Some types of bacteria and fungus can use iron or non-ferrous metals for their metabolic process. Sulfate-reducing bacteria can corrode pipes in the oil industry and high-end machinery. Both aerobic and anaerobic bacteria often degrade fuel quality and cause fuel system corrosion or alter the chemical properties of the fluid. This causes significant economic damage and safety concerns. Therefore, there is a need for a system to continuously monitor fuel or lubricant oil for the presence of bacteria and fungus.

The main goal of this project was to develop a sensor that can detect bacteria and other ferrous and non-ferrous debris that are present in the lubricant of high-end machinery in real-time. Utilizing optical techniques to detect and size these particulates. This sensor features a robust optical system paired with microfluidics. When fluid passes within a sampling channel, the particles in the fluid blocks the laser that is passing through the channel. This laser blockage was detected by a photodetector, creating a microfluidic micro counter.
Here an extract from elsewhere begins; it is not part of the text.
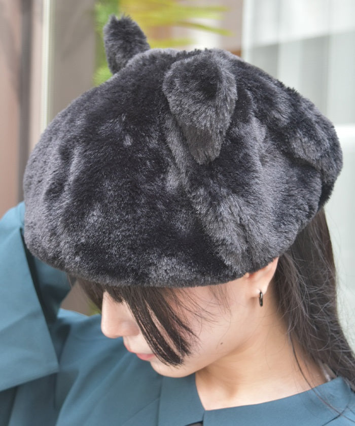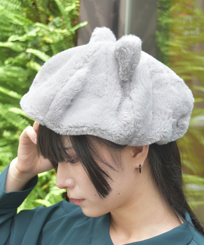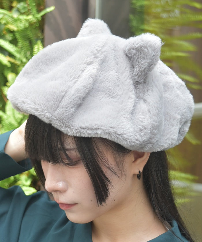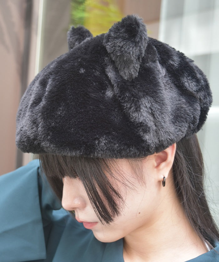 A faux fur beret with fluffy cat ears.
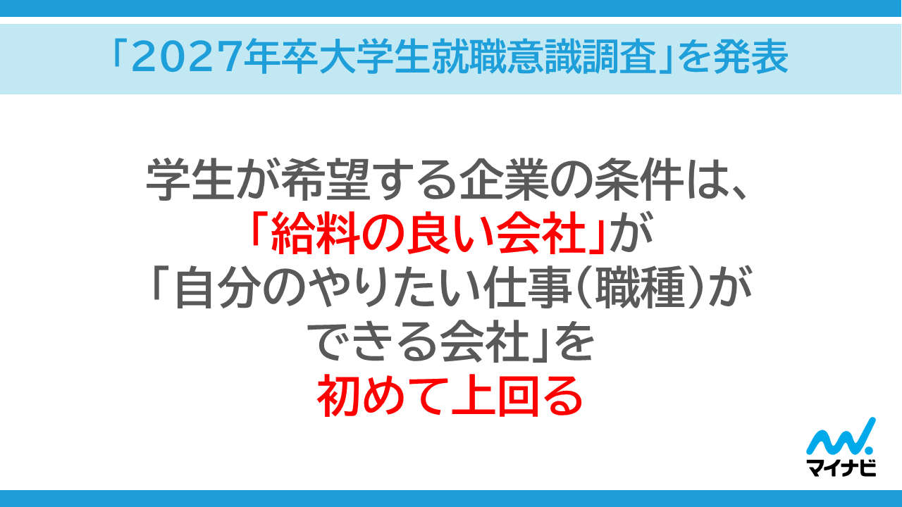 株式会社マイナビ(本社:東京都千代田区、代表取締役 社長執行役員:粟井俊介)は、2027 年卒業予定の全国の大学生、大学院生を対象に実施した、「2027年卒大学生就職意識調査」の結果を発表しました。

A novel chip fabrication approach was used with fused silica (a high-quality SiO2 glass). Its material characteristics were locally modified using femtosecond laser pulses to (a) change the fused silica index of refraction, and (b) change its susceptibility to HF etching. The index of refraction change is used to create optical waveguides within the fused silica substrate (this process is called as femtoWriteTM), and the second process (femtoEtchTM) was used to shape the fused silica. This phenomenon occurs due to the ultrashort light pulse whose wavefront has little absorption until deep within the fused silica substrate. The damage or defects created beneath the surface render that portion of the fused silica susceptible to rapid etching by HF.
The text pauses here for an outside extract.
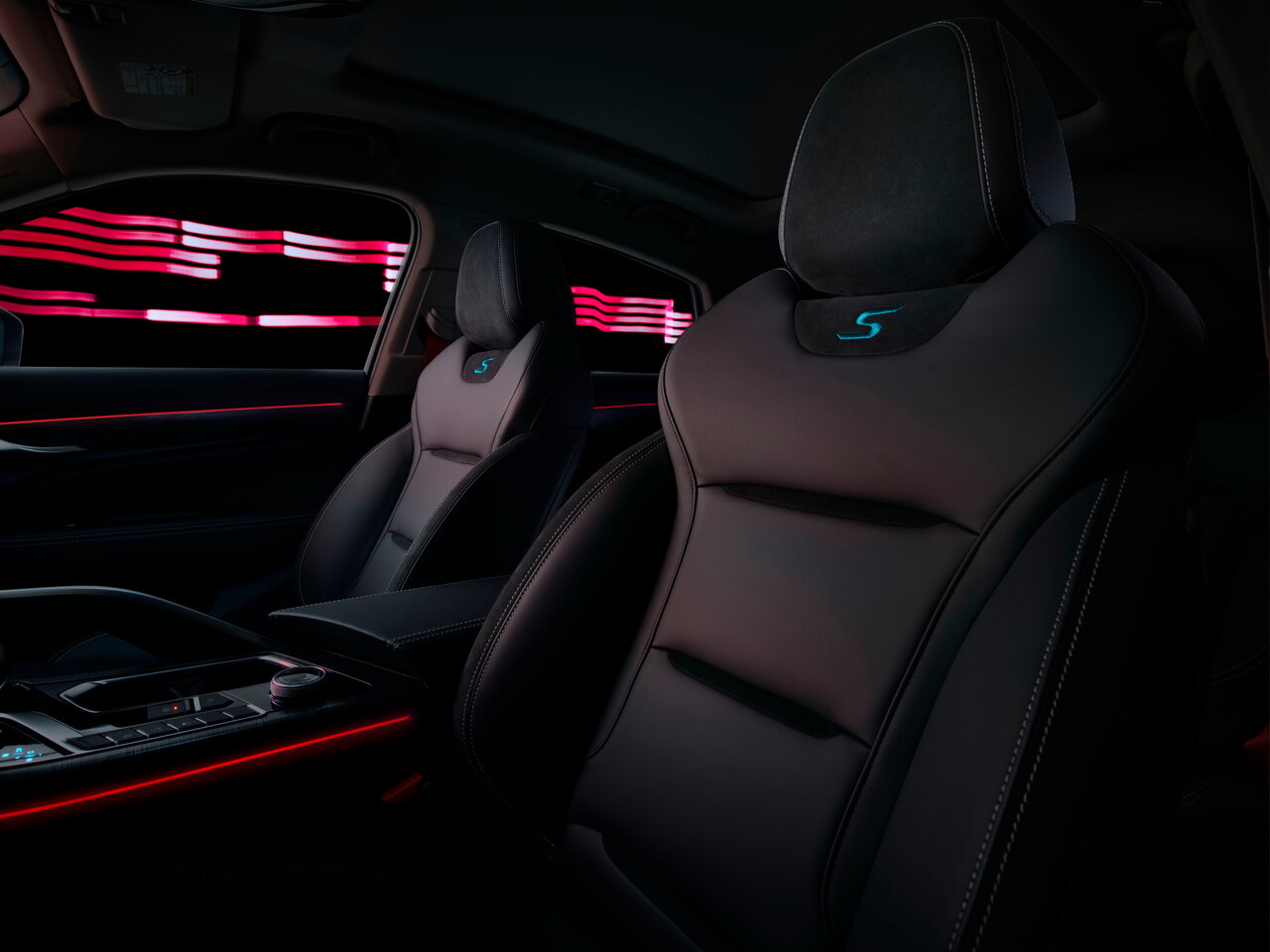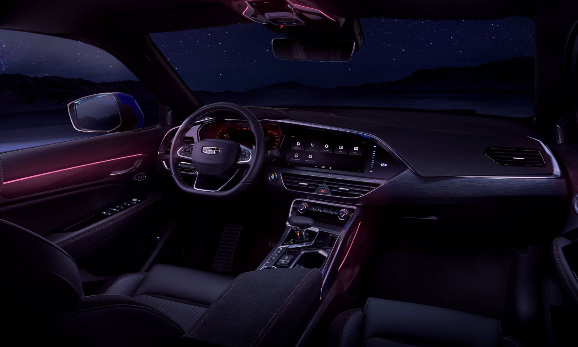 - Атмосферная подсветка интерьера с возможностью изменения цвета в дверях и на центральной консоли

The efficacy of the chip was shown by spiking 1) ceramic microparticles, 2) Pseudomonas aeruginosa bacteria which causes alkylaromatic degradation, in 5W30 motor oil. These two proofs-of-concept represent two key types of particles which must be monitored in hydrocarbons and fuel systems.

Each of the above particles and biologicals were successfully detected from a 3ml of the oil sample. Ceramic beads, of 100μm size, were used with a concentration 100mg /3ml of oil. The spike voltage and intensity was strong when a bead was passing through the light source with a flowrate of 3ml/min. The spike was dropped from 4.55V to 2.79V with a greater significance of detection in 0.01 seconds. In this case, Pseudomonas aeruginosa bacteria showed less intensity comparing with beads with a voltage drop from 3.469V to 3.441V in 0.02 seconds.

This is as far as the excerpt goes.